T.W. Taylor: You know, that is very true. I’ve got one of my employees, she’s lost about, I don’t know, 25 or 30 pounds in two months. And one of her complaints is that she used to go home at night and have a couple of beers. Well, now she can’t even drink a half of one and doesn’t want any more. And the reason is this stops all the noise in your head. So it reduces your gremlin hormone, increases your leptin, so you don’t, you’re not hungry. You don’t think about food all the time. And what that does is it decreases all this time you’re spending on food. And it appears it bleeds over to these other things like drinking, smoking, et cetera. So it helps people across the board.
Bonnie Bond, CPA: Interesting.
Scotty Sykes, CPA, CFP®: It sure is.
Bonnie Bond, CPA: I love what you’re doing TW. I mean like I said I knew you would be on this way before a lot of people and you’re definitely taking it to the next level in patient care which I think is so big we forget about that. You know we’ve been pushing this with pharmacies and clients right now to take a look at this as an option, but you know you always forget that part is the supplements. The other things that you can also continue to sell to make the patient care experience better and make them healthier and get through this, you know, the best way they can. So, I appreciate that.
T.W. Taylor: Well, I mean, you know, really, as a health care professional, our job is make people healthier. Today’s medicine keeps them sick. When you go in, the only choice they have is another drug. And it should not be like that. And this is nothing new. Hippocrates, father of modern medicine, said 2,000 years ago, basically food is medicine and medicine is food. And so, we should take advantage of these opportunities, change how we practice, and start helping our patients. And I know a lot of people out there, you we’ve been licking, sticking, counting and pouring for so long. But if you get out and talk to your patients, and I don’t put a hard sell in, but I just tell them these are the things that would help you, they can make up their own mind. And I don’t expect to sell 100% of the time. If I sell 10% of the time, that’s 10% more than I had. To give you an example of what 10% means to you, if you had 3,000 patients in your database and only 300 of them did this it’d be a million dollars in sales a year at five hundred thousand dollars profit I mean you don’t need to get everybody just get the people that are interested in helping themselves and It’ll make your pharmacy better. It’ll make their lives better, and you will be a lot happier
Scotty Sykes, CPA, CFP®: That sounds like the bottom line to me. Yeah.
Bonnie Bond, CPA: Well, that’s a great bottom line.
T.W. Taylor: Yeah, it is the bottom line.
Scotty Sykes, CPA, CFP®: That is the bottom line, T.W. We might have to coin that one as just the bottom line of the podcast.
Bonnie Bond, CPA: It is the bottom line.
T.W. Taylor: Well, it’s my pleasure guys. I’ll send you the slide deck. Last thing is I buy all of our GLP -1s from Olympia Pharmaceuticals in Orlando, Florida. They overnight it all to you. I usually order one day and get it the next. They’ve been fantastic to deal with. I was suggested To use those, had PCA do a research and they came up very good and I’ve been very happy with them. You’re welcome to give them a call. Hayden is the person you should talk to, Hayden Goldman. And if anybody wants to number anything, just give me a call and I’ll be happy to help.

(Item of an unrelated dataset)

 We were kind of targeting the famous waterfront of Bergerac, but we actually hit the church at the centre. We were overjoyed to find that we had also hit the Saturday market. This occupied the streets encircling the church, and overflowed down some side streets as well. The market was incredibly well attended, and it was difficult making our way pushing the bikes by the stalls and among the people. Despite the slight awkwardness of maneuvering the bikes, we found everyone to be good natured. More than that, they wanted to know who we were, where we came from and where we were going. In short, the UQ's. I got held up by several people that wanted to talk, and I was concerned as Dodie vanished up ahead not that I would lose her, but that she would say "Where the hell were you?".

Scotty Sykes, CPA, CFP®: And is it okay if we share the slide deck if someone asks for that or? Okay.
T.W. Taylor: Absolutely. And I’ll send that to you here in just a minute.

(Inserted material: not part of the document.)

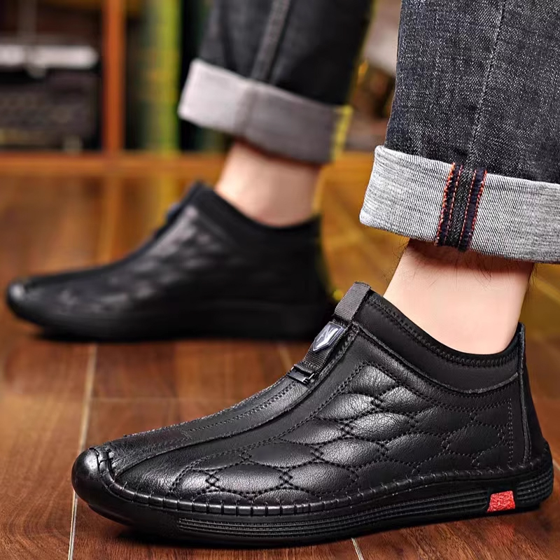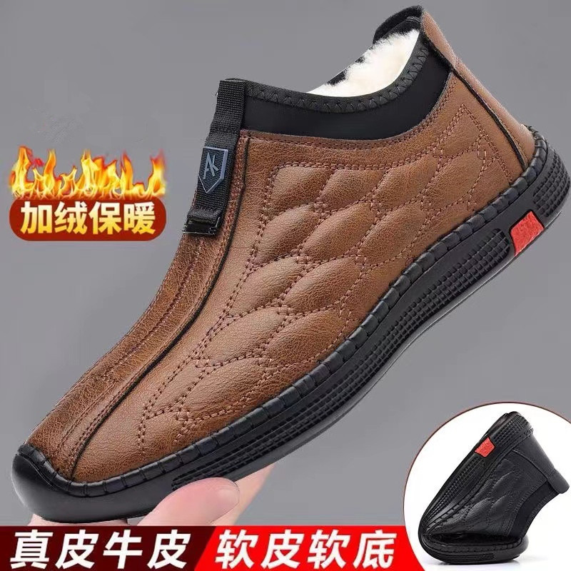 冬季 男防滑爸爸鞋 新款 男短靴真皮软底休闲皮鞋 加绒棉鞋 啄木鸟男鞋
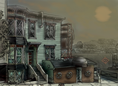 "Hi, Dirk! Good to see the corp cops haven't roasted your buns yet." She raised her open palm and he slapped it eagerly with the back of his hand.

Bonnie Bond, CPA: You heard it from the man. He’s willing to share the slide deck. Thank you, T.W.
Scotty Sykes, CPA, CFP®: That’s right. Well, thank you, T.W., for your time today, and we’ll see you again on another episode sometime soon.
T.W. Taylor: Now you guys are the best. I appreciate you doing this, for all of us independents.
Scotty Sykes, CPA, CFP®: You got it. Thank you, T.W.